With this change, we were able to further reduce the latency for large partners without creating more segments or impacting performance of small partners. Meanwhile, we found many of the queries for our use case are group-by queries, so the main work on the data nodes is to fetch all available groups in a segment and transfer back to the broker to sort and merge. We also found the group-by dimensions in the most expensive group-by queries have a cardinality in the order of 10s of thousands. Therefore, we added a ternary partition key as the group-by dimensions in the most expensive group-by queries to hash the data of the same group to the same segment, when data for a partner id needs to span across multiple segments to ensure perfect ingestion time roll up, increase data locality, reduce network transfer, and reduce the amount of final work on the broker side.

public SingleDimensionEvenSizeV2ShardSpec( String dimension, String start, String end, int partitionNum, int partitions, int partitionSize, // K: large partition dimension value, V: number of rows of the value in the current segment Map<String, Integer> largePartitionDimensionValues, // Ternary partition key Set<String> groupKeyDimensions, ObjectMapper jsonMapper )

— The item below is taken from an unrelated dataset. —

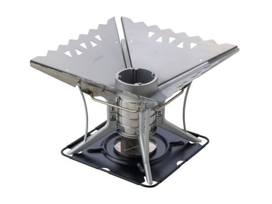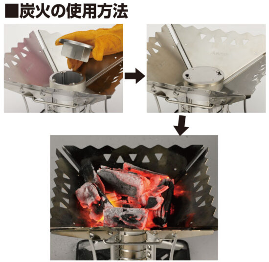 ベース中央の筒上部をフィンキャップを使い、ふたをすることで、炭火にも対応します。
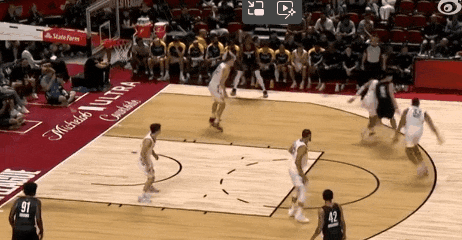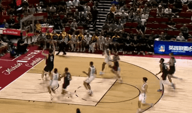 最精彩的一個封蓋是:弱側卡位,看到對手突破,從自己對位人盲側潛過,一個帽——勇士22號正常該是一個戈塔特掩護,給隊友卡出上籃機會才是,但楊瀚森潛過去了。

With the enhanced even size custom shard in place, we were able to reduce the latency for all the large partners except the largest partner. Digging deeper, we found the largest partner contains ~200 million rows after roll up per day. Even if we are able to reduce the time spent on data nodes with the enhanced even size partitioning, the broker would still be the bottleneck because a single host is not enough to merge the huge number of intermediate results returned from data nodes, even with multi-threads. We also tried reducing the work of brokers for the expensive group-by queries by getting an approximate local top N result on the data nodes first with config forceLimitPushDown enabled, but there were still too many rows to aggregate on the broker side. Eventually, we realized that we won’t be able to make it return within the timeout threshold (five seconds) for the largest partner unless we add another aggregation layer to the current aggregation model in the middle of the existing two layers (broker as a single root and data nodes as infinite number of leaves). In the end, we decided to skip querying the latest date to wait for a dataset with some form of rollup that arrives one or two days later for the largest partner as a temporary work around.

Finally, we also found the stats computing job prior to the actual indexing job is pretty slow when input size is large, and in some cases it takes more than 10 hours to complete due to expensive disk operation between map reduce jobs, making it unusable. In reality, it was awkward to present the logic as a sequence of map reduce jobs; however, it’s quite straightforward in SQL: a count distinct group-by query. We optimized this by generating the stats in the same format as the output of the original map reduce jobs in an external SparkSql job, which finishes within ~15 mins compared with previous ~10 hours.

Future work

We plan to add more visibility to system metrics to help us make full use of the host types, automate request pattern analysis for all use cases to help us reduce inefficiency, consolidate shard specs to a well rounded one to reduce burden to maintain multiple ones, and implement a multi-layer aggregation model to reduce latency for the most expensive queries.

Acknowledgements

We have learned a lot from the discussions in the Druid Guild with Ads Data team and the feedback from the open source community when we started contributing back our work. We would also like to thank all the teams that have worked with us to onboard their use cases to the unified analytics platform: Insights team, Core Product Data, Measurements team, Trust & Safety team, Ads Data team, Signal Platform team, Ads Serving, etc. Every use case is different and the platform has evolved a lot since its inception.